BARI - A dire il vero il motto recitava “a Bari nessuno è straniero, nemmeno Guerrero”. Con Mateo Retegui il motto è cacofonico, ma con la doppia cittadinanza lui, a differenza di Guerrero, giocatore del Bari degli anni 90 e inventore dell’esultanza del trenino dopo il gol, davvero non è straniero.
Nella nazionale priva di attaccanti e senza giovani Del Piero, Vieri, Totti o Baggio, per la qualificazione ai prossimi europei il tecnico Mancini come si dice al sud è “andato a ricorrere”: e pur di avere un attaccante di razza ha chiesto a Mateo Retegui, ventitreenne nato in Argentina da genitori argentini, un nonno di Canicattì che gli ha lasciato in eredità la cittadinanza italiana, di giocare per la nostra nazionale. Nulla contro gli oriundi, anzi, lo ribadiamo: a Bari e in Italia nessuno è straniero.
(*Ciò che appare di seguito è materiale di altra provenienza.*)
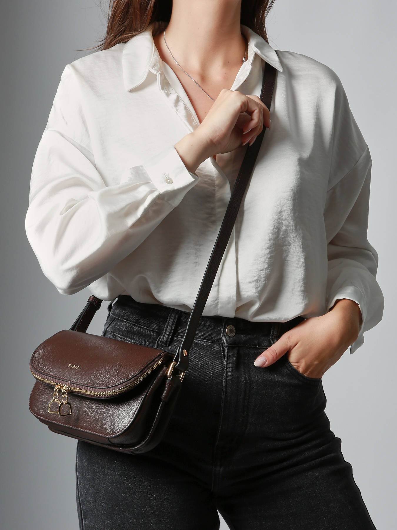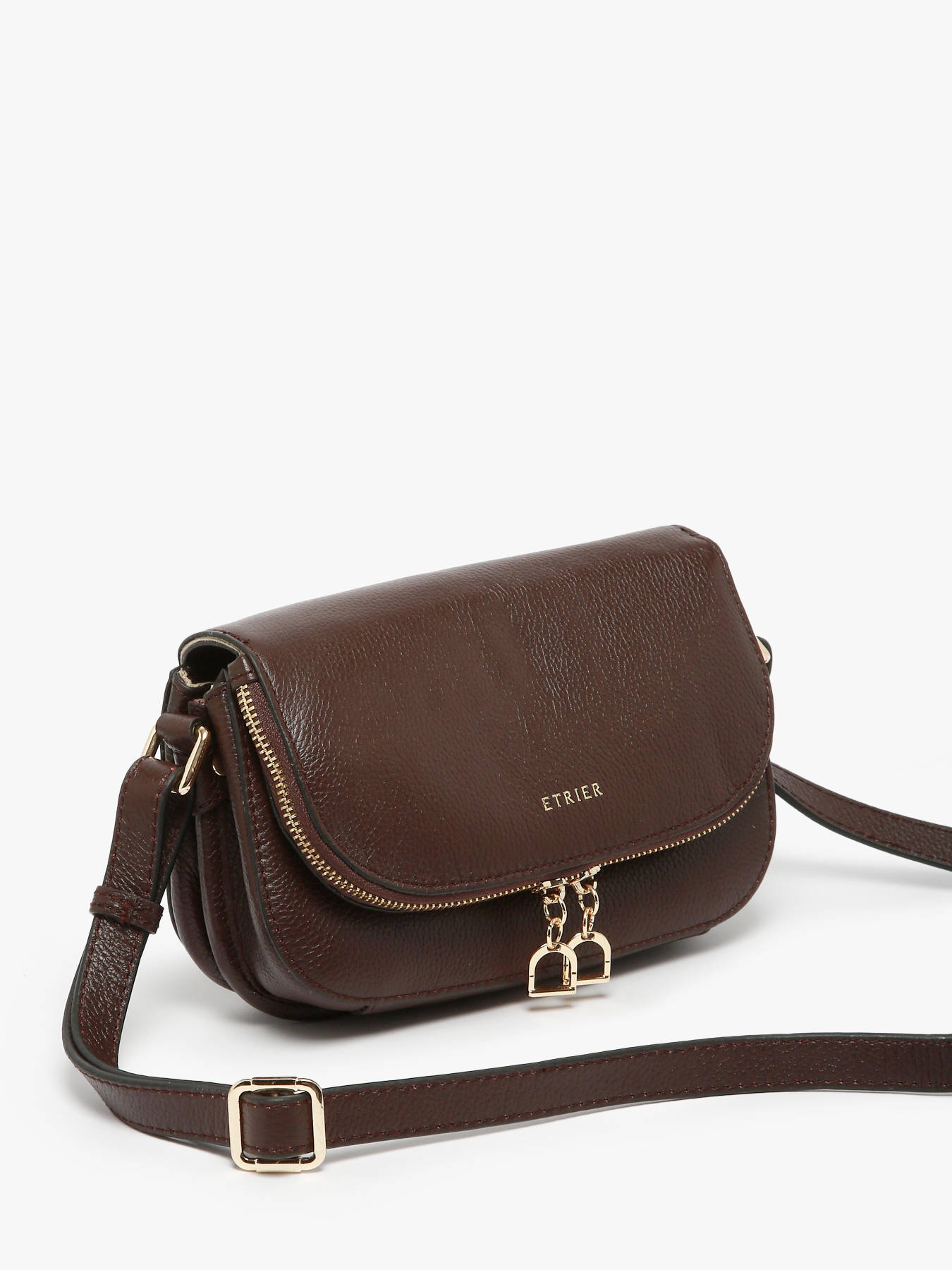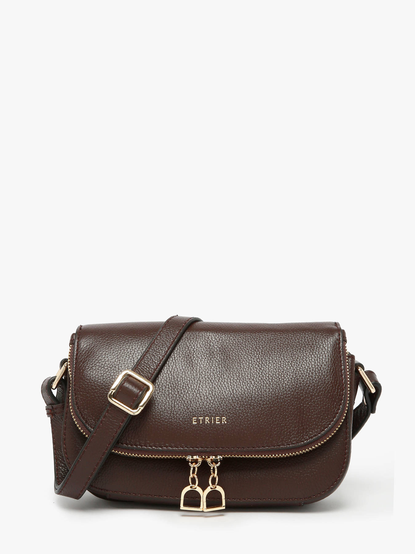 De Tradition collectie van Etrier krijgt dit seizoen een nieuwe look. Deze charmante crossbody tas kreeg een meer hedendaagse uitstraling, zonder de sierstiksels van voorheen. Het resultaat? Een light design, waarin de uitzonderlijke kwaliteit van het soepele leder in de spotlight komt te staan. De light gold hardware, zoals de ritssluiting en het Etrier-logo, bezorgen de tas een vrouwelijke en exclusieve touch. En laat je vooral verleiden door de charmante Etrier-ritshangertjes, in de vorm van stijgbeugels. Deze zijn een knipoog naar het logo van het merk, en dansen vrolijk mee op het ritme van je stappen. Dit meest compacte formaat biedt tal van handige opbergvakken, om jouw essentiële spulletjes veilig én overzichtelijk in op te bergen. De lederen schouderriem van deze Tradition damestas is verstelbaar, en kan gekruist of lang over de schouder gedragen worden.

Mateo Retegui non parla italiano, non sappiamo se sia mai stato in Italia prima della convocazione di Mancini, non conosce i Maneskin, Gianni Morandi e Diletta Leotta (conosce Belen Rodriguez ma non vale perché è argentina) e con i piedi è davvero bravo. Valentino Oniero Agunu, 35 anni, nato a Roma da genitori nigeriani, non ha i piedi come Retegui, non è un calciatore, è laureato, e conosce secondo me sia Diletta Leotta che Belen Rodriguez; appena compiuti i 18 anni, Valentino ha per legge potuto iniziare l’iter per ottenere la cittadinanza italiana. Sono passati 17 anni, Godot è all’orizzonte, ma Valentino la cittadinanza la sta ancora aspettando.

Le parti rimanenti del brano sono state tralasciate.